**Task goal:** Print exactly and only the lines that run from the one containing "Total kasar komitmen" through the end of the material, please, omitting pictures.

**Exercise material:**
:::::

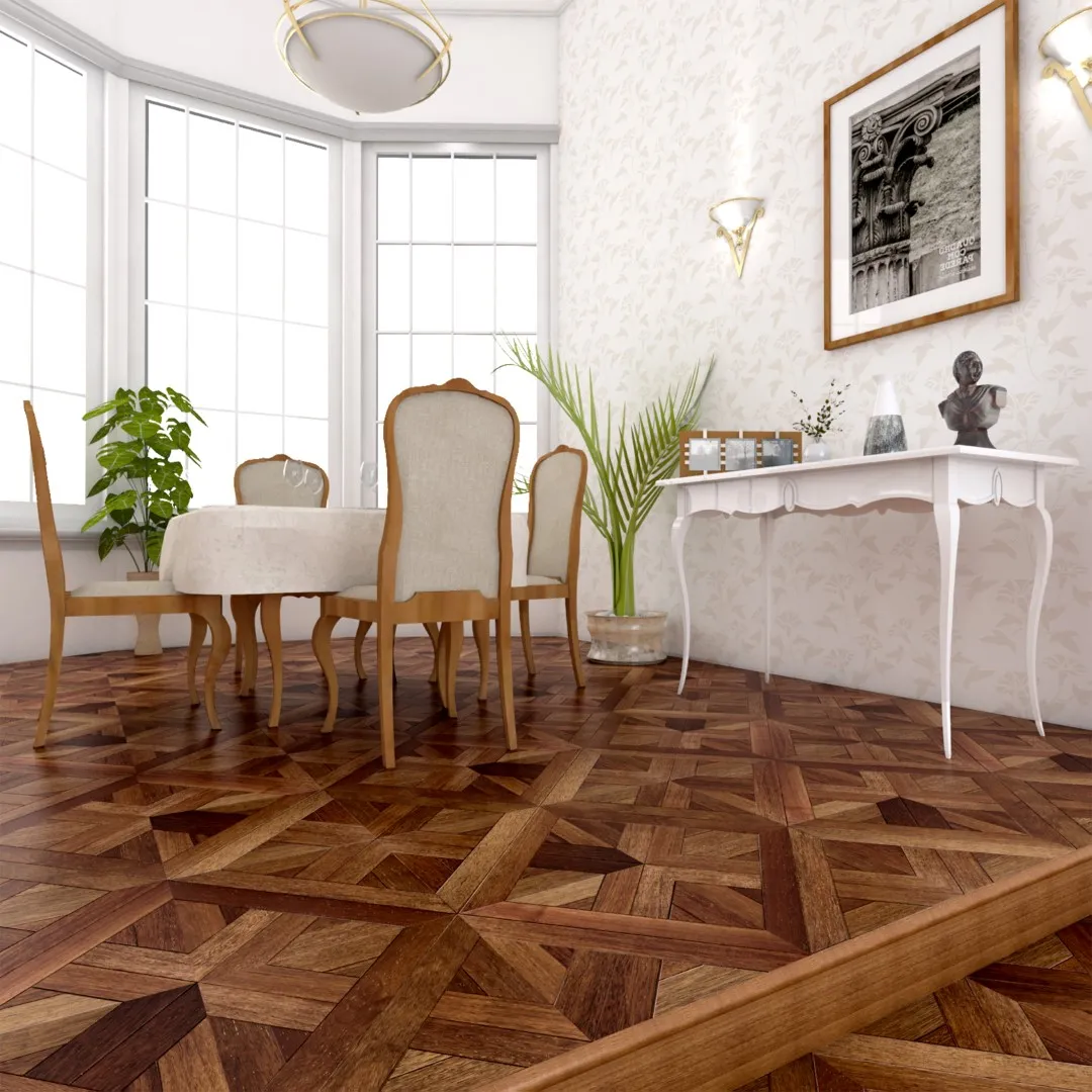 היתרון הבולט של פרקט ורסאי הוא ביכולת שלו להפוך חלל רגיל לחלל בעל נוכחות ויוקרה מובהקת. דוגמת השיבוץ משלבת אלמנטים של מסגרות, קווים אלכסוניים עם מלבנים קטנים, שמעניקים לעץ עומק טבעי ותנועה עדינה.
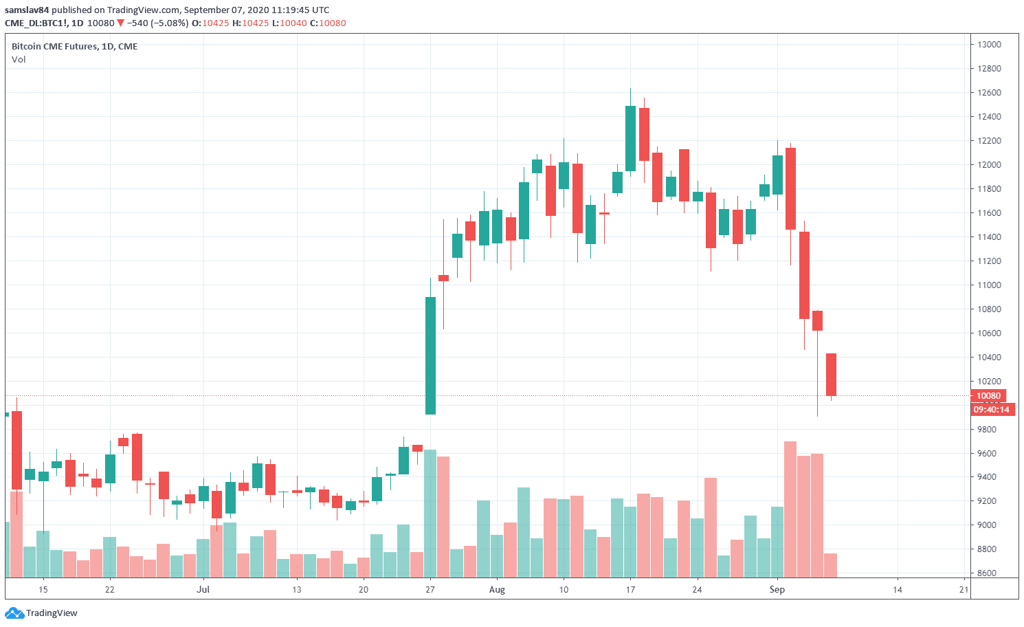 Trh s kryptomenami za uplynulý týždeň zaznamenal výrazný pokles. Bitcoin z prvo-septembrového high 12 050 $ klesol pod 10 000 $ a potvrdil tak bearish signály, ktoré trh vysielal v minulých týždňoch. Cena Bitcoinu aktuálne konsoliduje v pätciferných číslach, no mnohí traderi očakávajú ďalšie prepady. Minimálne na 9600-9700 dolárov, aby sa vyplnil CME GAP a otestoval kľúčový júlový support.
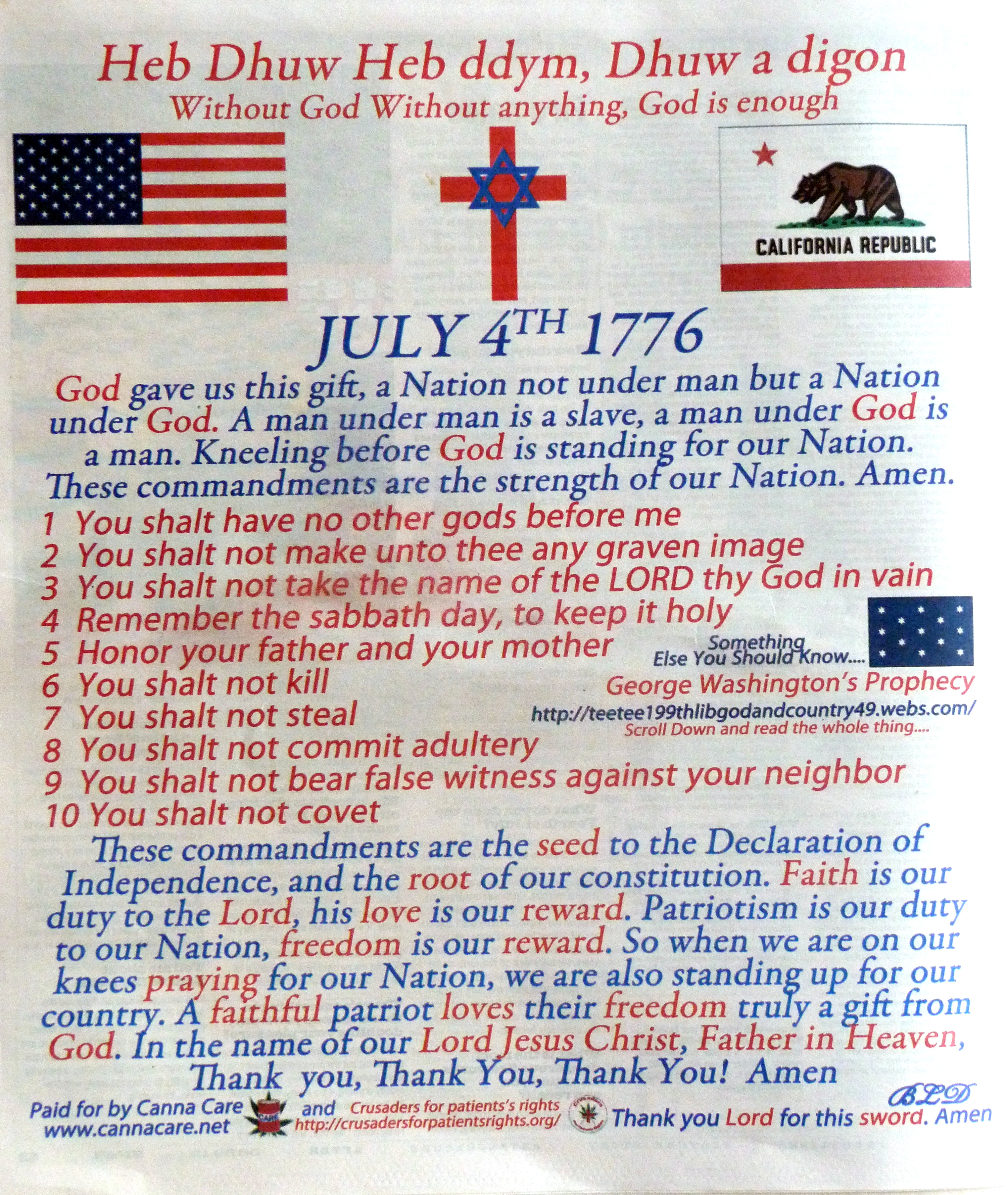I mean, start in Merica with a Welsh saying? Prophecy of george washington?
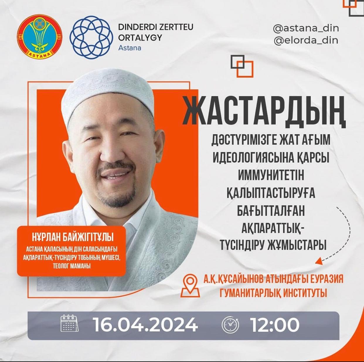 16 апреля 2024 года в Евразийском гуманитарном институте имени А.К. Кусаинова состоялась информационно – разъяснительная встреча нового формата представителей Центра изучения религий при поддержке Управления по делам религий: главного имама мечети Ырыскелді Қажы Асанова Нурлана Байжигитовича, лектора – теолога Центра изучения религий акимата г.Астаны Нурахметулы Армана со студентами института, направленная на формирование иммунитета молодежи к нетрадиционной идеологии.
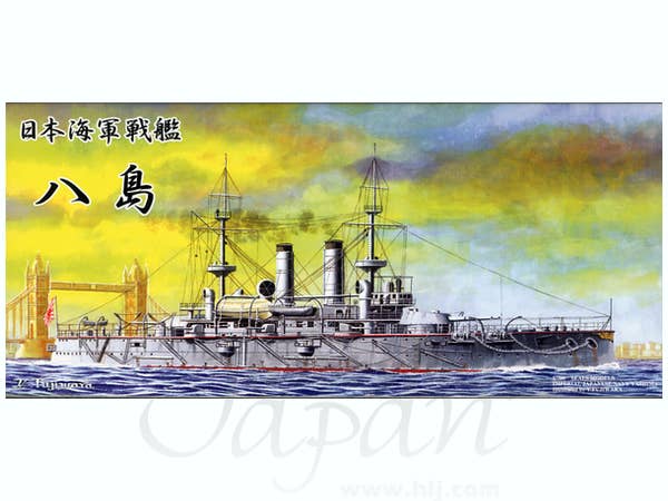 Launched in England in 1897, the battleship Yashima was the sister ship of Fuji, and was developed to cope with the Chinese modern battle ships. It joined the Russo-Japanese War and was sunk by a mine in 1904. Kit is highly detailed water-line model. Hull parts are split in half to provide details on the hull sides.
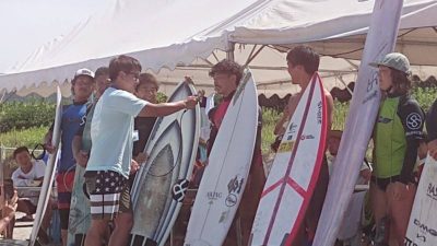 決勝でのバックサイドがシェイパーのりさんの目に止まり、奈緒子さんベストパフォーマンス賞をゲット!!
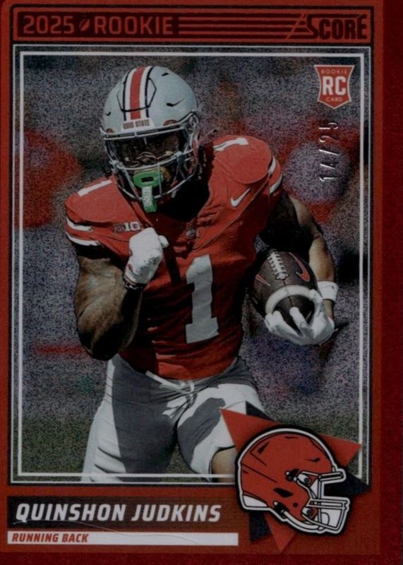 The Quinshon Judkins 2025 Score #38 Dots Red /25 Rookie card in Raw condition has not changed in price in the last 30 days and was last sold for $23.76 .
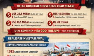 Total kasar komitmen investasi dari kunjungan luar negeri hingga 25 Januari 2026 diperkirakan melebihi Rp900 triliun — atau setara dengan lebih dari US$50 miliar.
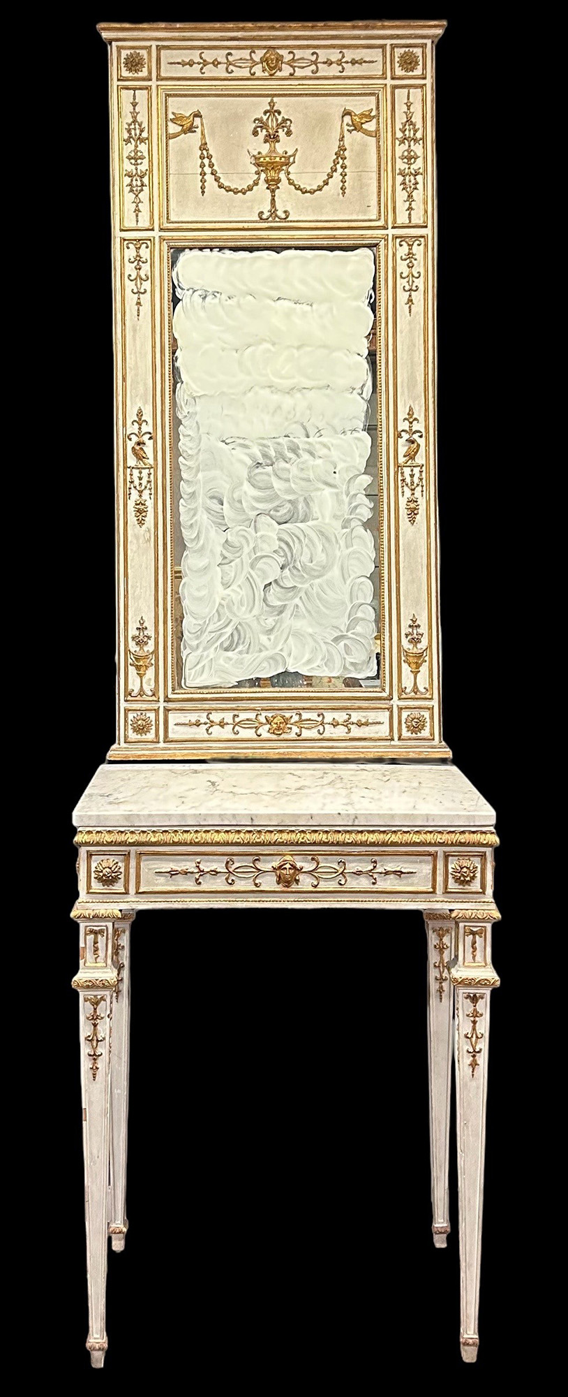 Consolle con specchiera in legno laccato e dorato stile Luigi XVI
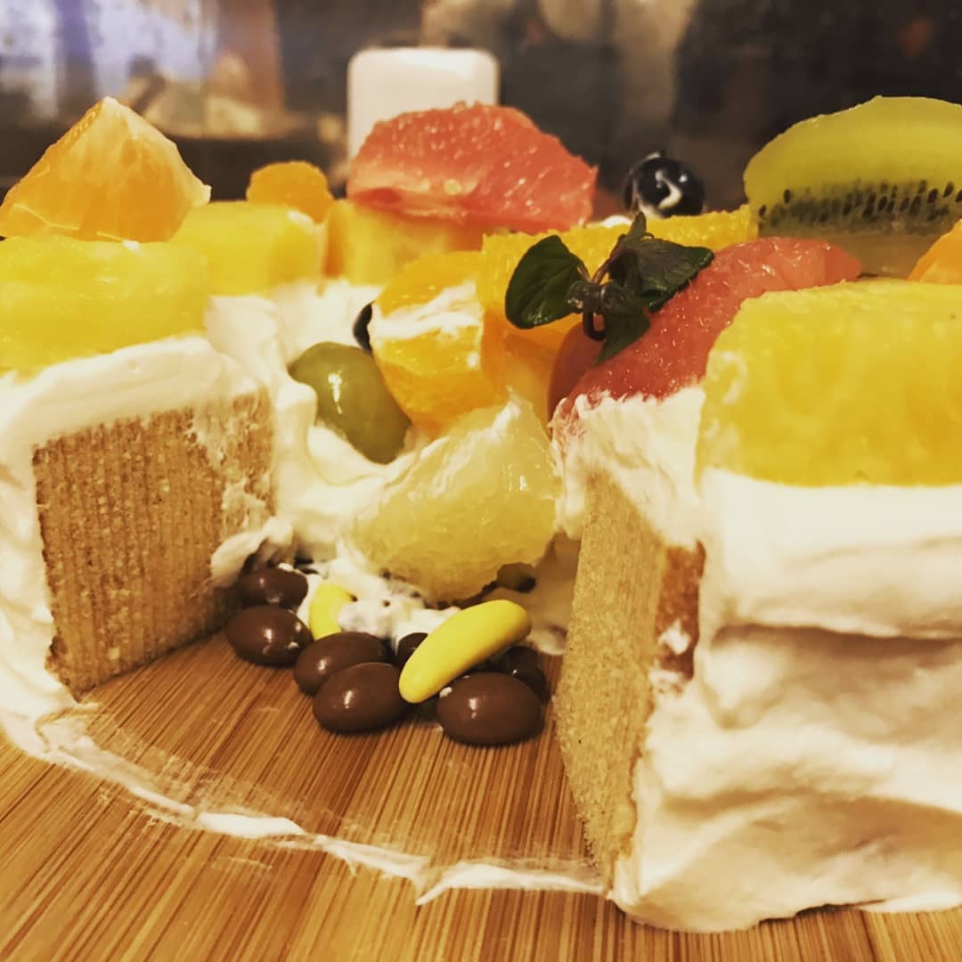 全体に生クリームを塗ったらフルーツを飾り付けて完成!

:::::

**Response below:**
 Total kasar komitmen investasi dari kunjungan luar negeri hingga 25 Januari 2026 diperkirakan melebihi Rp900 triliun — atau setara dengan lebih dari US$50 miliar.
 Consolle con specchiera in legno laccato e dorato stile Luigi XVI
 全体に生クリームを塗ったらフルーツを飾り付けて完成!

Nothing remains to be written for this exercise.